→ **Task requirements**:
The range runs from the line containing "Specifically, when and" to the last line of the entries. Restate those lines word for word, without the pictures.

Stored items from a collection

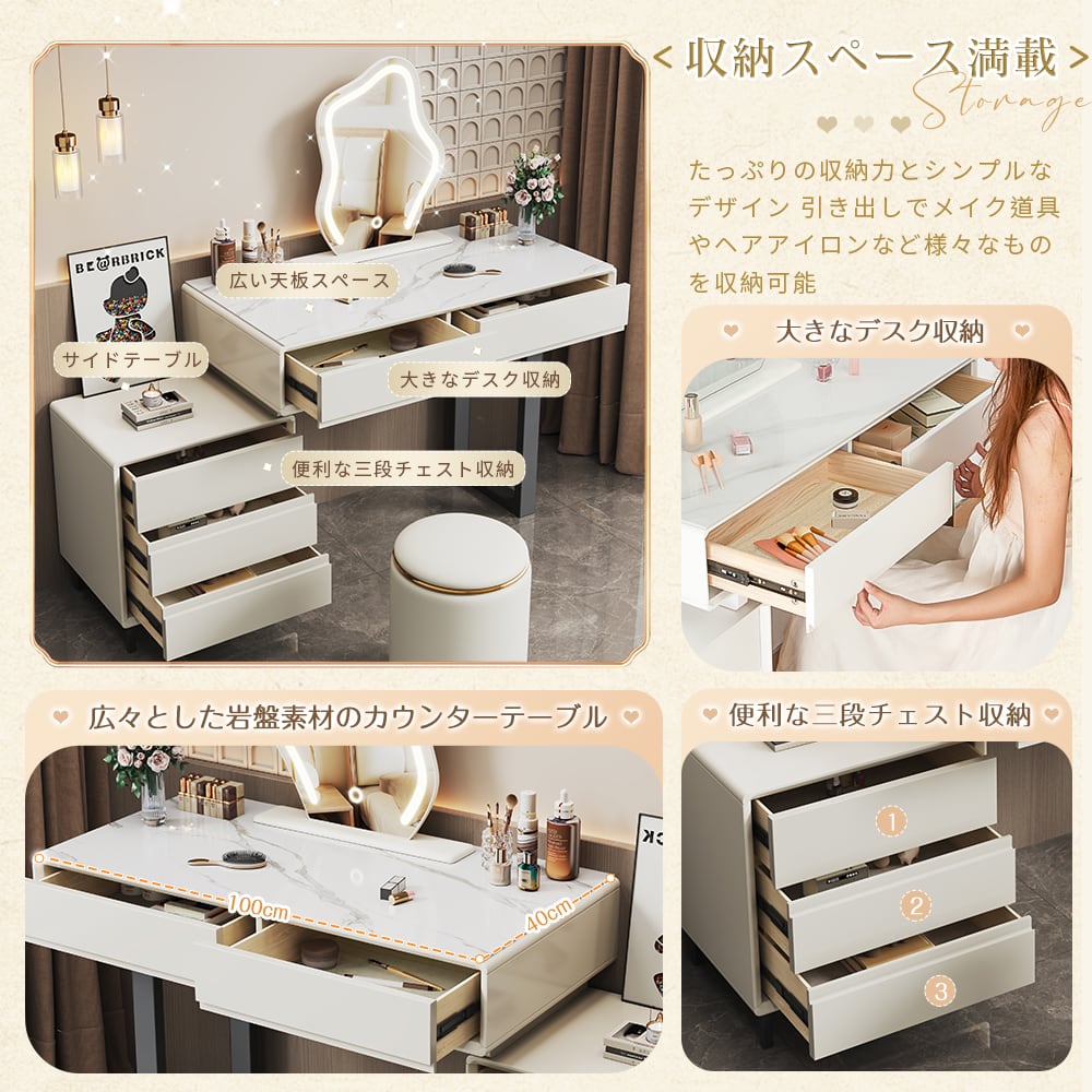 【1000円クーポン付き】 ドレッサー 大型 100cm幅員 岩盤天板 スツール付き テーブル おしゃれ 大容量収納 クリーム風 10段階明るさ調整可能 3色LEDミラー 新型 化粧台【d16-mc】
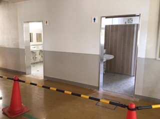 南棟のトイレは、外を覆っていた板が取れ、中が見えるようになりました。
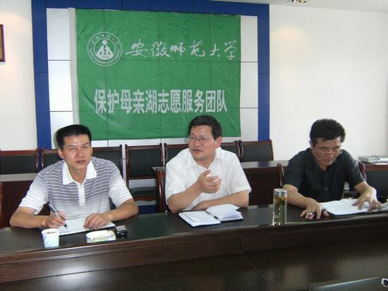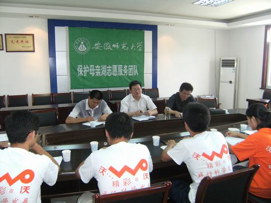 顾家山一行的到来受到了巢湖渔业管理局领导、巢湖市环保局领导和社会实践团队师生的热烈欢迎。顾书记仔细询问了同学们本次实践活动的情况,并对团队的实践成果和同学们的吃苦耐劳、服务社会的精神给予了充分的肯定。
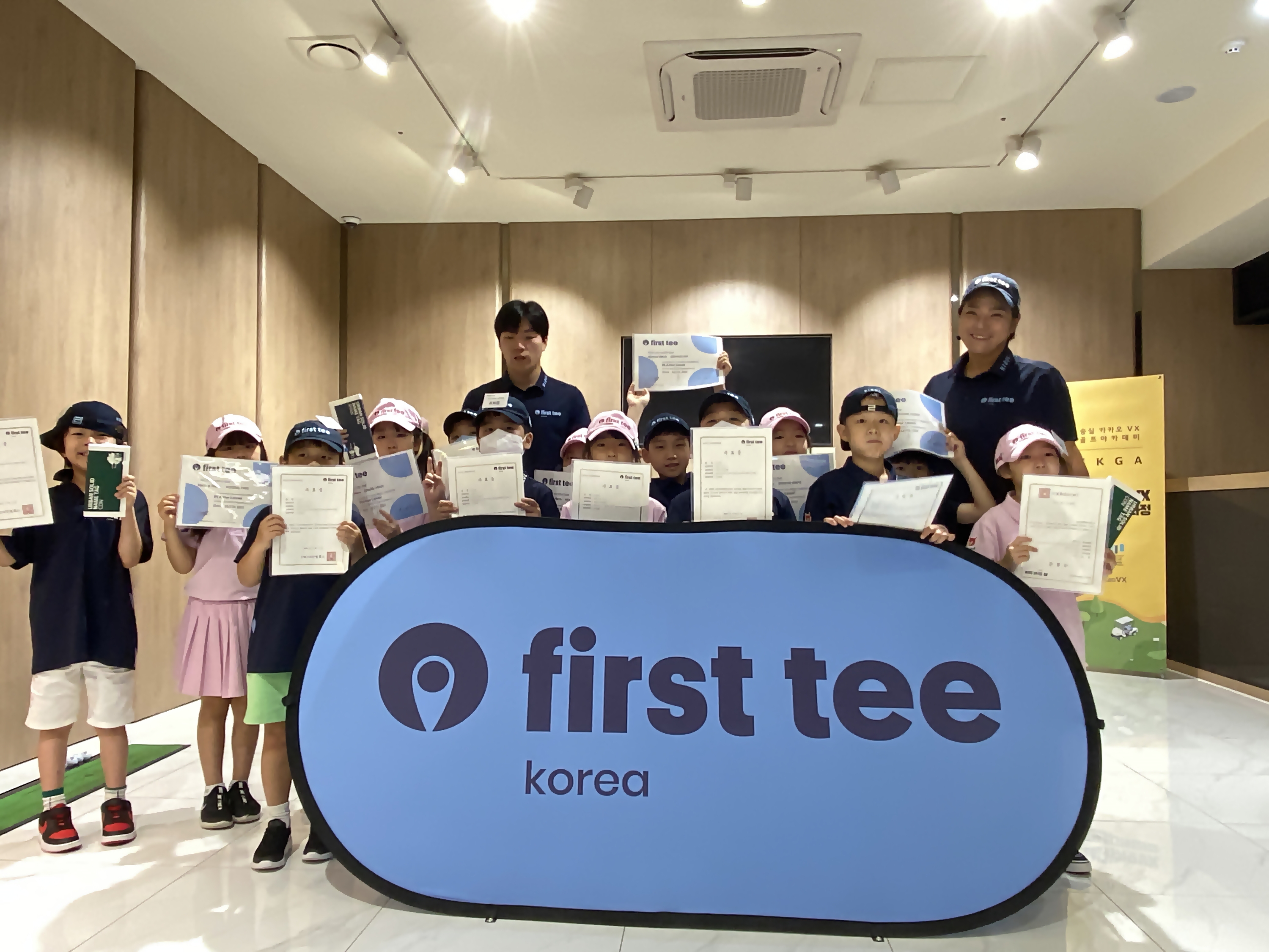 자랑스럽게 자신의 수료증을 들고 활짝 웃고 있는 플레이어 레벨반 아이들
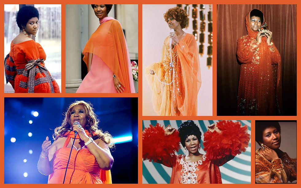 As I was scanning the internet for photos of her unstoppable style, I couldn't help notice that she shared my love of orange. The other thing that became increasingly clear was that Aretha Franklin dressed to please one person: herself.
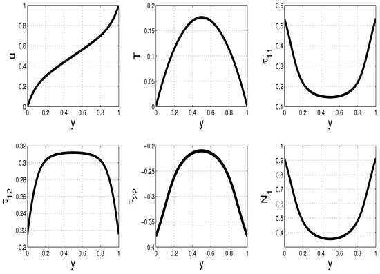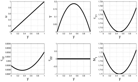 Specifically, when and in the Giesekus constitutive model, we note that the steady solutions (for the velocity u, temperature T, polymer-stresses , , , and first normal stress difference ) exhibit shear banding phenomena, see Figure 8.
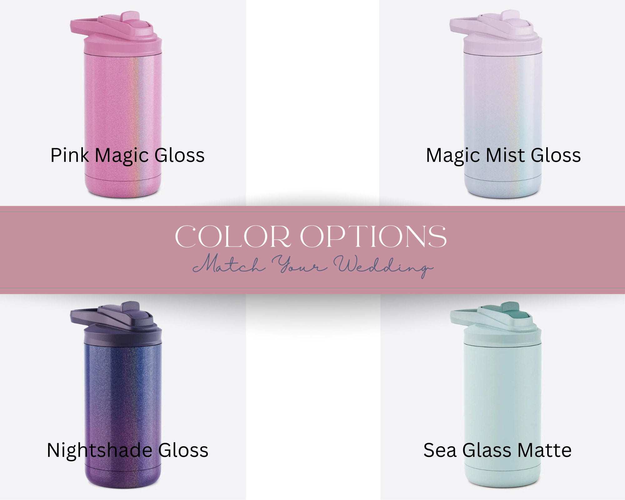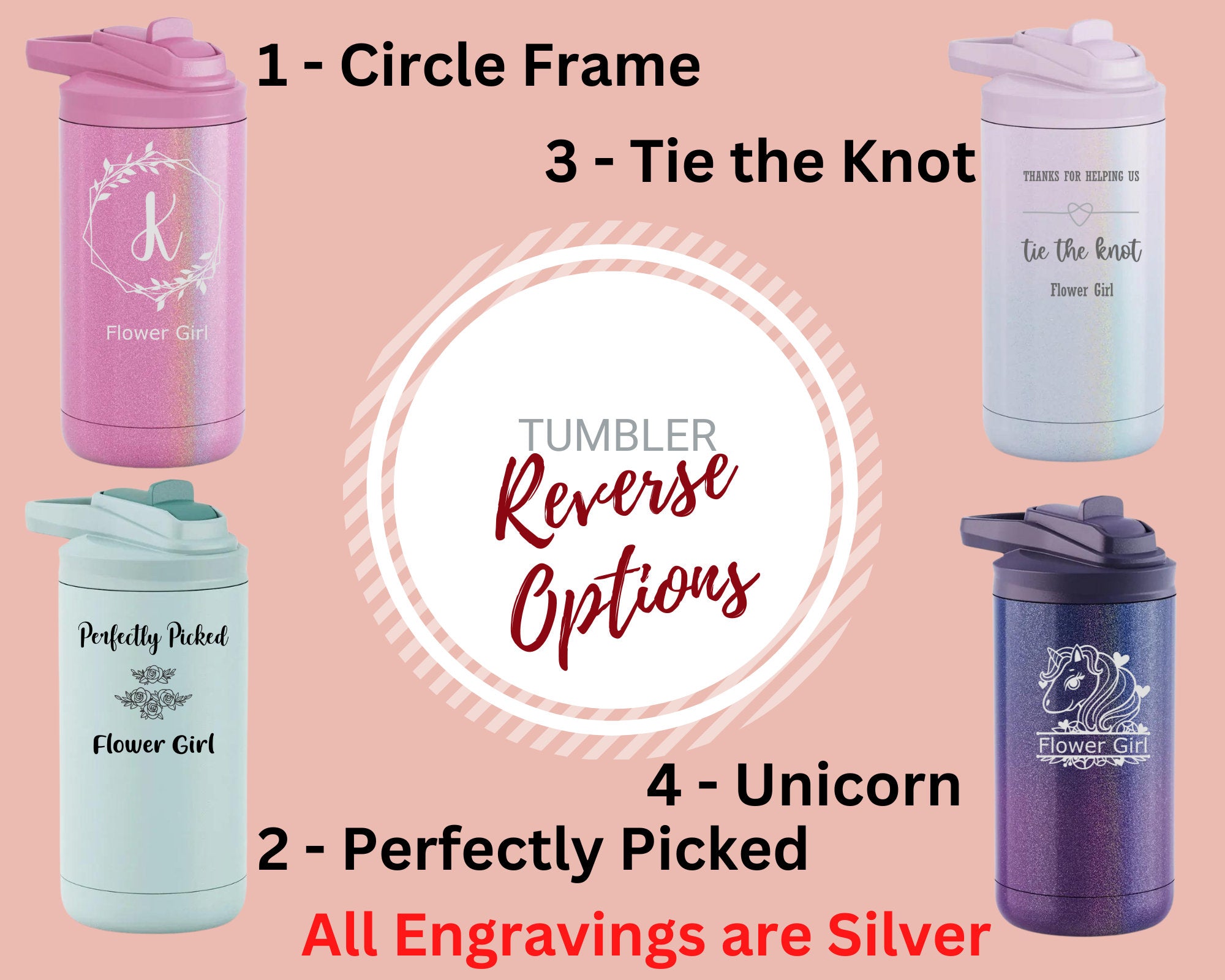 Stainless Steel Water Bottle: Our gift set includes a Save A Cup brand stainless steel water bottle. You can personalize the design with your flower girl's name on the front, and optional designs can be added to the back. With a 12-ounce capacity, a variety of colors to choose from, and thermal insulation, this bottle keeps beverages cold or hot, making it perfect for young ones on the go.

→ **Solution to this exercise**:
 Specifically, when and in the Giesekus constitutive model, we note that the steady solutions (for the velocity u, temperature T, polymer-stresses , , , and first normal stress difference ) exhibit shear banding phenomena, see Figure 8.
 Stainless Steel Water Bottle: Our gift set includes a Save A Cup brand stainless steel water bottle. You can personalize the design with your flower girl's name on the front, and optional designs can be added to the back. With a 12-ounce capacity, a variety of colors to choose from, and thermal insulation, this bottle keeps beverages cold or hot, making it perfect for young ones on the go.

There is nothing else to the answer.